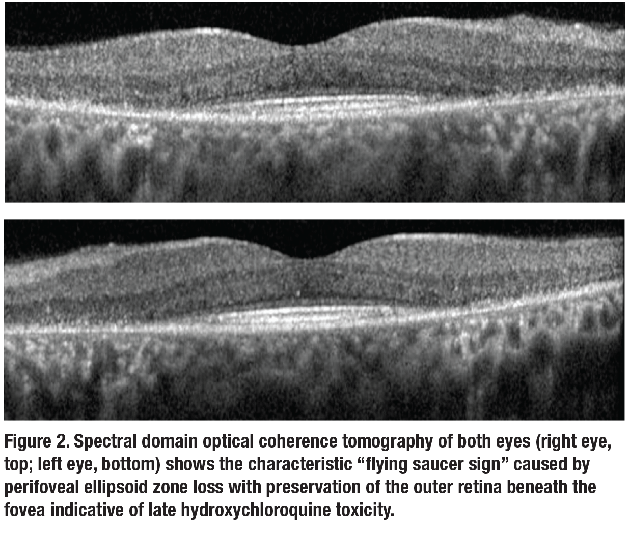 Approximately 35,000 Americans were taking HCQ in 2016.5 Given its favorable therapeutic profile in a broad range of conditions, the long-term use of HCQ is expected to grow, particularly among SLE patients for whom many physicians now advocate early HCQ initiation. In this context, the burden often falls to the ophthalmologist to screen for vision-threatening HCQ retinopathy and recommend cessation of this life-altering and life-saving medication when such toxicity develops.1,5
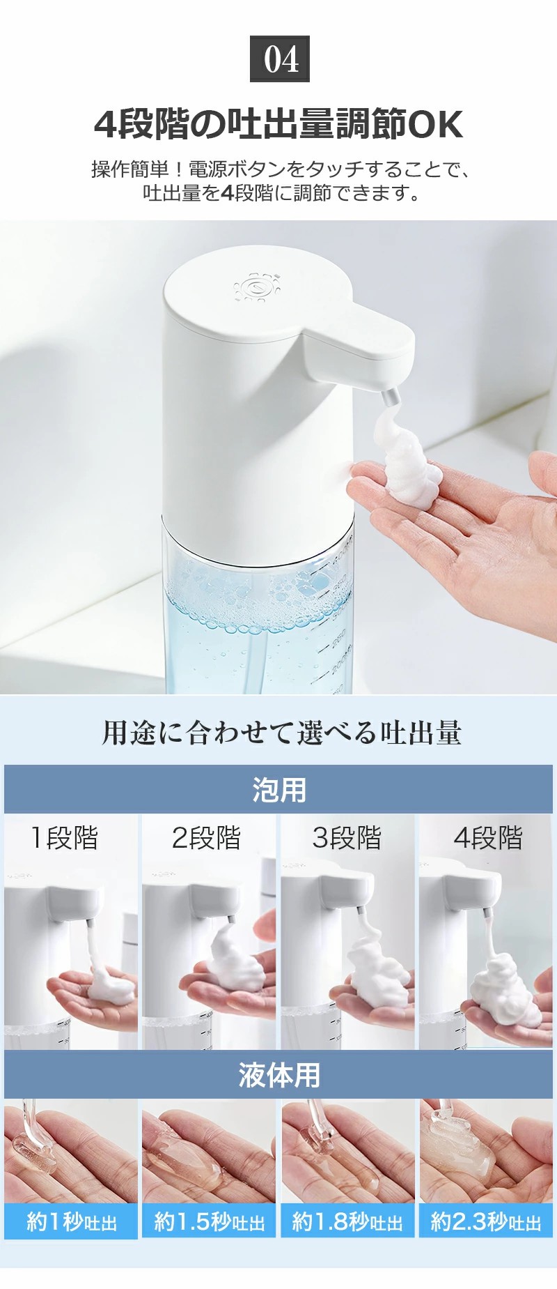 約400mlの大容量タンクを搭載し、頻繁な詰め替えの手間を軽減。4段階の吐出量調整機能により、使用シーンやお好みに応じて最適な量を設定できます。
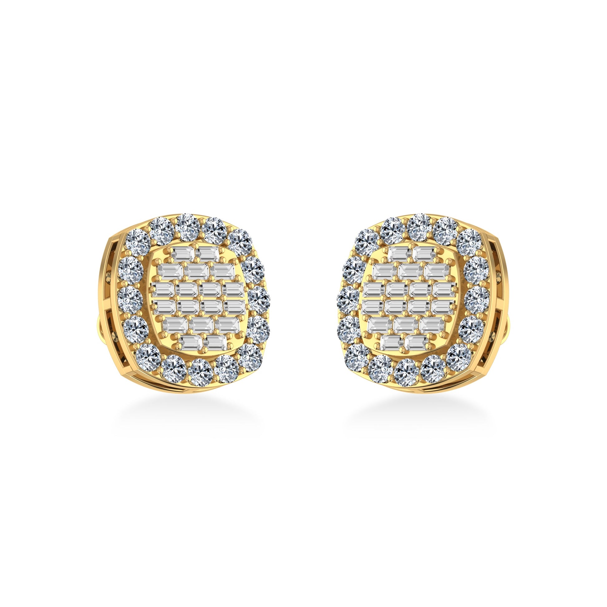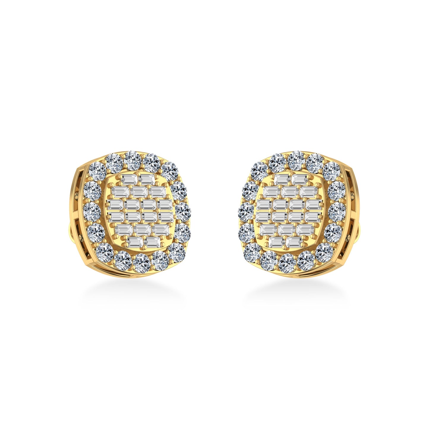 10K Yellow Gold Round Baguette Diamond Stud Earrings 1 Cttw
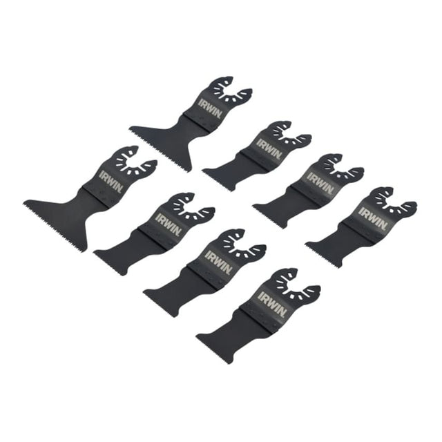 IRWIN 8 Piece Oscillating Blade Set. Suitable for cutting a range of common materials; wood, plasterboard, PVC and nail embedded wood. Ideal for use on renovation jobs. Contains: 3 x Oscillating Blades 30 x 43mm x 18 TPI.2 x Oscillating Blades 30 x 66mm x 15 TPI.3 x Oscillating Blades 30 x 43mm x 20 TPI.
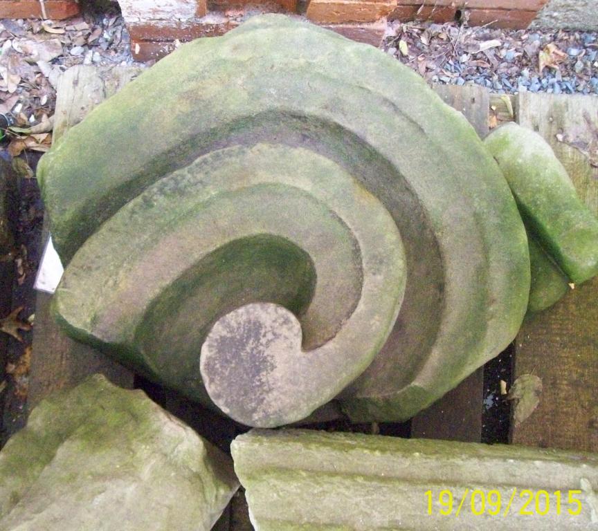Foto (BI-Archiv): Volute des Barockflügel-Portals vor der Sanierung
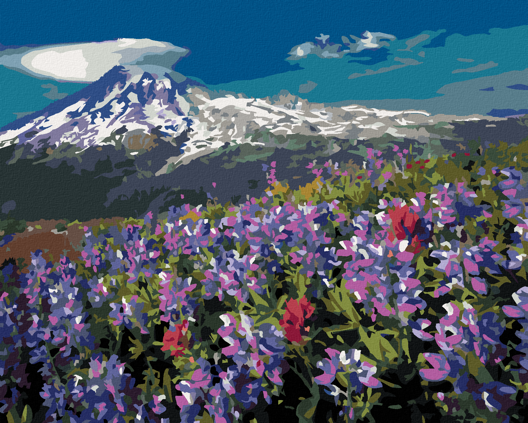 Pictură pe numere - FLORI MOV ÎN SPAȚIU MONTAN (DENNIS FRATES)
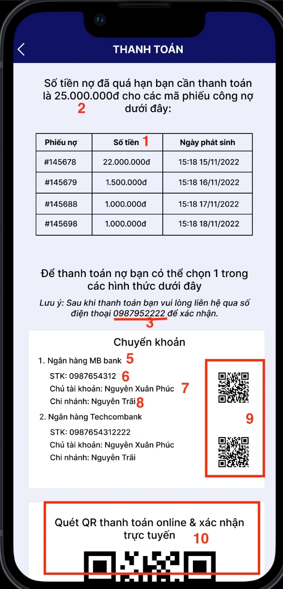 Khi ấn vào thông báo nhắc thanh toán nợ, màn hình sẽ chuyển sang trang thông tin thanh toán
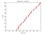 Load the sketch on your arduino. LED13 will light, indicating that the arduino is waiting for a response from Matlab to start. Load the m file, and change the com port to the port where the arduino USB is mapped on your PC (I use Linux, thus the /dev/ttyUSB1, it will be something like 'COM3' in windows). Run the .m file, and LED13 will turn off as Matlab signls the arduino, data is read, and a plot is created of time info versus counter data (simulating sensor data). Remember to reset the arduino before each m file run (LED13 must be on)! Used an arduino mega, but should work fine on most arduinos. Thanks to Tom Igoe and Robot Grrl (see sketch references to http addresses). Robot Grrl plots as she goes, and you can do that also, although it will slow things down slightly. But, note the key to these files, is the use of the proper TERMINATOR. The matlab set terminator statement using LF and the use of serial.println in arduino is the secret ingredient to success. If you don't use these, then you are relying on inserted timing delays, yuck.
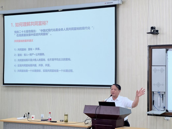 2024年5月22日下午,中国人民大学二级教授、博士生导师张利庠教授应邀来校进行学术交流,开展了题为“基于共同富裕的乡村振兴路径与策略”的理论经济学前沿论坛。本次讲座由一色 副院长刘维奇教授主持,全校150余名师生参与了此次活动。
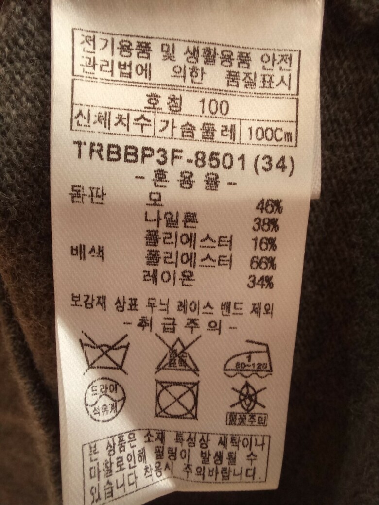 | 1. 제품 소재 (섬유의 조성 또는 혼용률을 백분율로 표시, 기능성인 경우 성적서 또는 허가서) | 모 46%, 나일론 38% / 배색:폴리에스테르 66%, 레이온 34%, 레이스 |
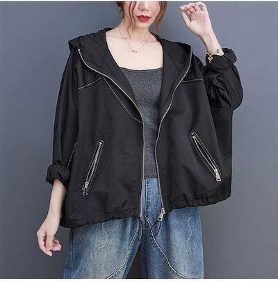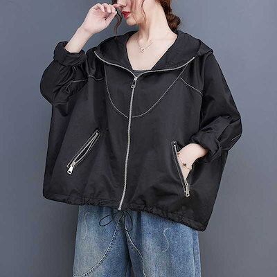 「ファットガール」 2024秋新品 ファスナージャケット 大きいサイズ パーカー フード付き ポケット付き 体型カバー レディース アウター マウンテンパーカー メガ割

▬▬▬▬▬▬

[PROBLEM TO SOLVE]
Every line from the one containing "2024年5月22日下午,中" through the last line of the data, both included, is to be repeated exactly; the pictures are to be left out.

[YOUR SOLUTION]
 2024年5月22日下午,中国人民大学二级教授、博士生导师张利庠教授应邀来校进行学术交流,开展了题为“基于共同富裕的乡村振兴路径与策略”的理论经济学前沿论坛。本次讲座由一色 副院长刘维奇教授主持,全校150余名师生参与了此次活动。
 | 1. 제품 소재 (섬유의 조성 또는 혼용률을 백분율로 표시, 기능성인 경우 성적서 또는 허가서) | 모 46%, 나일론 38% / 배색:폴리에스테르 66%, 레이온 34%, 레이스 |
 「ファットガール」 2024秋新品 ファスナージャケット 大きいサイズ パーカー フード付き ポケット付き 体型カバー レディース アウター マウンテンパーカー メガ割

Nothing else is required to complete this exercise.